George Raymond Culver (born July 8, 1943), is an American former professional baseball
pitcher, who played in Major League Baseball (MLB) for the Cleveland Indians, Cincinnati Reds, St. Louis Cardinals, Houston Astros, Los Angeles Dodgers, and Philadelphia Phillies, from  to . He also pitched for the Nippon Professional Baseball (NPB) Nippon-Ham Fighters, in .

Early career
Culver was offered $1,000 to sign with the Phillies following an outstanding high school career at North High School in Bakersfield, California, where he played five sports. He turned that down and instead went to Bakersfield College and excelled in baseball for two years.

Major league career
Culver was signed by the New York Yankees as an amateur free agent in 1963 for $2,500. He made his major league debut at age 23 on September 7, 1966, as the Indians' starting pitcher against Jim Lonborg and the Boston Red Sox at Cleveland Municipal Stadium. Culver pitched five innings and gave up five earned runs in a 5–4 loss; the first-ever major league hitter he faced was José Tartabull.

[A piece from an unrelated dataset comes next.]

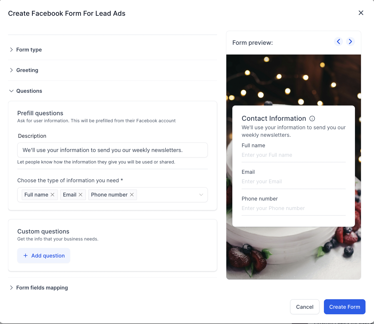 - For custom question, there are option to create short description and multiple choice questions to share the information which is more relevant to your form.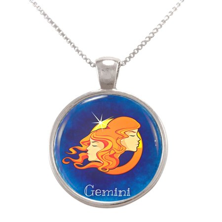 Gemini Illustration Zodiac Image Pendant Necklace. The image is displayed under photo-optic quality acrylic for a perfectly clear glossy image that is also protected from wear and tear. This listing is for 1 pendant and necklace as pictured. It includes the pendant as shown and a Sterling Silver Plate snake chain necklace. The pendant is made of nickel coated brass and is approximately 1 inch (27mm) in diameter and weighs approximately 0.14 ounces (4 grams). This pendant includes an 18 Sterling Silver Plated Snake Chain necklace with a C style spring clasp. 100% hand crafted in the USA. SKU #34776

Culver pitched a no-hitter for the Reds on July 29, 1968, in a 6–1 win over the Phillies at Philadelphia's Connie Mack Stadium. Culver struck out four batters and walked five as he outdueled Chris Short in game two of a doubleheader.

In 1973, Culver appeared in 28 games (all in relief) for the Los Angeles Dodgers, posting a 4–4 record and a 3.00 ERA before getting placed on waivers in August. Though Culver was the last pitcher on the Dodger depth chart, teammate Tommy John thought his dismissal was a big reason Los Angeles missed the playoffs in 1973. "George didn't get into a lot of games, but he held a vital role as team comic. His antics kept guys loose and kept us in a good frame of mind. When they released him...it upset the chemistry of the team. We couldn't believe it. It was like cutting out our heart."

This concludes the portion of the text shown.